### Supplied data
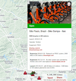 As I quoted Lyon, France’s mayor in the 1/21/08 blog post, “There are two types of mayors -- those who have bike-sharing and those who want bike-sharing.” Fortunately, not long after that post, Russell Meddin joined me in curating the Map and eventually became the Map’s sole curator with a substantial time commitment over his morning coffee. Since then, the Map has grown to over 3,000 entries, painstakingly added one-by-one over the past 13 years as each unique new service develops, implements, and in some cases, permanently closes.
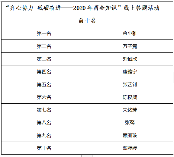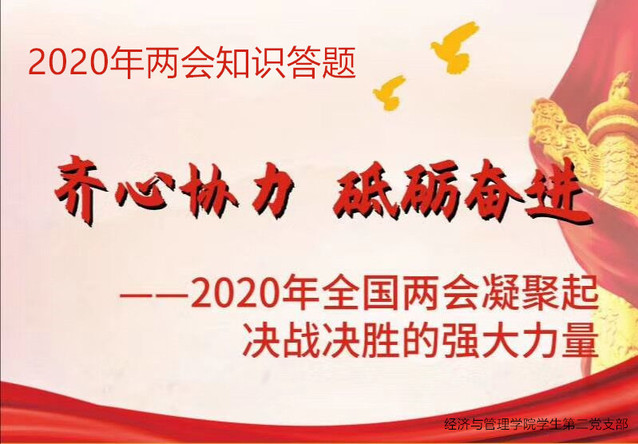 2020年6月3日,三明学院经济与管理学院学生第二党支部通过微信问卷星小程序开展“齐心协力 砥砺奋进——2020年两会知识”线上答题活动。此次答题活动旨在“以赛促练、以赛促学、以赛促进”,帮助支部成员检验理论学习成果,从而推动2020年两会精神学习向纵深推进。参与答题活动的有党员、积极分子共133人次。金小雅、万子竟、刘怡欣等同志获得答题活动前十名。
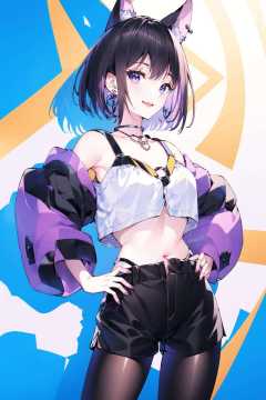 masterpiece, best quality,PIXIV,1girl, solo, black hair, pantyhose, o-ring, purple eyes, breasts, shorts, looking at viewer, bare shoulders, hand on hip, smile, jewelry, short hair, earrings, animal ears, black shorts, collarbone, medium breasts, multicolored hair, midriff, virtual youtuber, fake animal ears, crop top, bangs, cowboy shot, closed mouth, long sleeves, puffy sleeves <lora:nardack_20230801103151:1>
######
## [Your assignment]
Write out each line of the data above exactly, starting at the top and finishing with the line containing "2020年6月3日,三明学院"; omit the pictures.

## [Your response]
 As I quoted Lyon, France’s mayor in the 1/21/08 blog post, “There are two types of mayors -- those who have bike-sharing and those who want bike-sharing.” Fortunately, not long after that post, Russell Meddin joined me in curating the Map and eventually became the Map’s sole curator with a substantial time commitment over his morning coffee. Since then, the Map has grown to over 3,000 entries, painstakingly added one-by-one over the past 13 years as each unique new service develops, implements, and in some cases, permanently closes.
 2020年6月3日,三明学院经济与管理学院学生第二党支部通过微信问卷星小程序开展“齐心协力 砥砺奋进——2020年两会知识”线上答题活动。此次答题活动旨在“以赛促练、以赛促学、以赛促进”,帮助支部成员检验理论学习成果,从而推动2020年两会精神学习向纵深推进。参与答题活动的有党员、积极分子共133人次。金小雅、万子竟、刘怡欣等同志获得答题活动前十名。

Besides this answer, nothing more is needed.